Woman peeing outside

Everything you need to know to about peeing and pooing outside – because when nature calls, you have to answer


If you’re here, chances are you’re a little anxious or have run into some difficulties when it comes to peeing and pooping outside.

It can be an unfamiliar setting for those used to whizzing with the protection of 4 walls and a lock on the door. But, with a little knowledge and know-how, you can find some confidence spending a penny in the outdoors.

women peeing outside
Post-pee smug look of satisfaction, after finding a spot out of sight from the trail

First things first: peeing and pooing is completely natural

And, if you spend lots of time outside (which you totally should) eventually you’ll have to do it in a bush, or somewhere similar.

I consider myself a seasoned outdoor toileteer, but admit it does take some getting used to. There are a number of ways you can take care of business (for ladies more than men) and you’ve also got to leave as little trace as possible.

I’m here to share some simple tips and knowledge that’ll help you embrace the wild, poo with pride and pee with passion. Then you’ve just to get practising…

Finding the perfect place to go

Nine times out of ten, the ‘perfect’ place doesn’t exist but some places are more favourable than others.

For men, this involves somewhere off the trail, facing away from any onlookers. Boundary walls and trees are a good bet to shelter you and prevent the wind from leading to any accidents.

Man peeing outside
Peeing or admiring the view?

For women there are a few more options:

  • Natural dips with long grass act as a natural barrier
  • Behind boundary walls (just be sure to check what’s on the other side)
  • Behind hedgerows
  • Amongst brambles and bushes – just watch out for anything spikey or irritable like nettles
  • Behind big trees or hills  
  • Behind boulders (just watch your footing as you balance)
  • Where there’s a natural hole in the ground or pine needles as these are great absorbers 
  • Peeing downhill helps to avoid any splashing, as does checking which way the wind is blowing first

And, you’ve also got to consider the environment, which leads us to…

Leave no trace principles

Whether it’s a one or a two, leave no trace principles always apply. You should do the deed at least 200ft away from a water source and a good distance away from the trail or camp.

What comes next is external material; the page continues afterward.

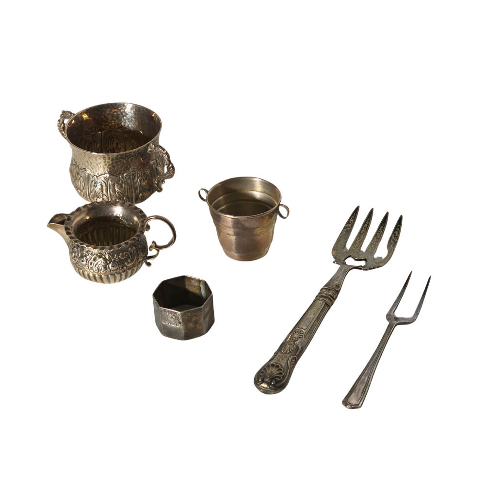 4967385. MISCELLANY OF ENGLISH PUNCHED SILVER OBJECTS.

Take any rubbish (toilet paper or sanitary products) and be aware whether you’re in a pristine area that requires you to take your poop with you.

Getting caught with your trousers down…

There may be times you just gotta take the plunge and commit.

If you’re worried about people seeing you, speaking from experience, they’re normally more embarrassed than you. Avoid eye contact and if they hold their gaze, just hurry up and walk the other way!

Ladies peeing
Mid-flow and someone takes a picture of me, luckily this long grass shelters my modesty

1. Peeing styles

Men, this doesn’t really apply to you. If you’re just peeing outside hiking, it doesn’t need breaking down, just find a good spot. You can skip this part unless you want to read how best to support your female companion.

These are a few of the best outdoor peeing positions for women

Squatting pee

Pull your pants down to at least the knees, feet about hip-width apart and squat down with your hips below your knees, then do your thing. It’s effective and it’s the method most of us learnt as kids (or at least those of us brought up camping). 

  • Advantages – good way to not get pee on yourself and you can get low enough to hide amongst rocks, long grass and trees whilst you pee.
  • Disadvantages – It’s not easy to balance and get low with a big rucksack on, plus it requires some flexibility to get low and stay low. Not ideal when your calves are tight after a day’s hiking. 
  • Top tip – to minimise splashback, pee downhill or into a hole, feet wide, hips back and figure out which way the wind is blowing first.

Assisted squatting

Much like the classic squat but using what nature has available, like a tree branch or boundary wall, to steady yourself, requiring less balance and flexibility. 

  • Advantages – Requires less balance and flexibility than the classic squat.
  • Disadvantages – You need to have something sturdy enough to hold onto.
  • Top tip – cling onto something secure like a tree trunk. Also, try peeing with your toes facing downhill, as this puts less pressure on your calves. 

The almost squat

Again much like the classic squat but you only bend half-way down pushing your bum back as far as you can. 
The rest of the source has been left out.